Estimating prevalence
    
   	Sample size to estimate a true prevalence with an imperfect test
        
	This utility calculates the sample size required to estimate true prevalence
          with a specified level of confidence and precision, assuming a test with imperfect
          sensitivity and/or specificity. The same method applies for estimating both animal and
          herd-level prevalence, with herd-sensitivity and herd-specificity substituted for
          animal-level values to estimate true herd-prevalence. The method is as described by:
          Humphry RW, Cameron A, Gunn GJ, 2004. A practical approach to calculate sample size for
          herd prevalence surveys. 
Prev. Vet. Med. 65: 173-188. Adjustment for finite
          population size is described by Thrusfield M, 2005. Veterinary Epidemiology, 3rd Edition,
          Blackwell Science, Oxford, UK (p 233-234).
	Inputs are the assumed true prevalence, the desired level of confidence,
          the desired precision of the estimate and the assumed values for sensitivity and
          specificity of the testing regimen used. The desired precision of the estimate
          (also sometimes called the allowable or acceptable error in the estimate) is half the width of the desired
          confidence interval. For example if you would like the confidence interval width to be about
          0.1 (10%) you would enter a precision of +/- 0.05 (5%).

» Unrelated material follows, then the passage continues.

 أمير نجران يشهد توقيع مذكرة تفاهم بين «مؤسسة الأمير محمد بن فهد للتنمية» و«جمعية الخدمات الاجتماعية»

	To calculate sample size for herd-prevalence estimation, use herd-level values for
          assumed prevalence, sensitivity and specificity instead of animal-level values.
	Sample size is calculated for an assumed large (infinite) population. If the optional
          population size is provided the sample size estimate is adjusted for the population specified.
	
Note: 
	Adjustment for finite population size may underestimate required sample size unless
          this is also taken into account when estimating variance and resulting confidence interval.
	The program outputs the sample size required to estimate the true prevalence with the
          desired precision and confidence. Tables of sample sizes for a range of values for prevalence
          and precision and for sensitivity and specificity are also produced.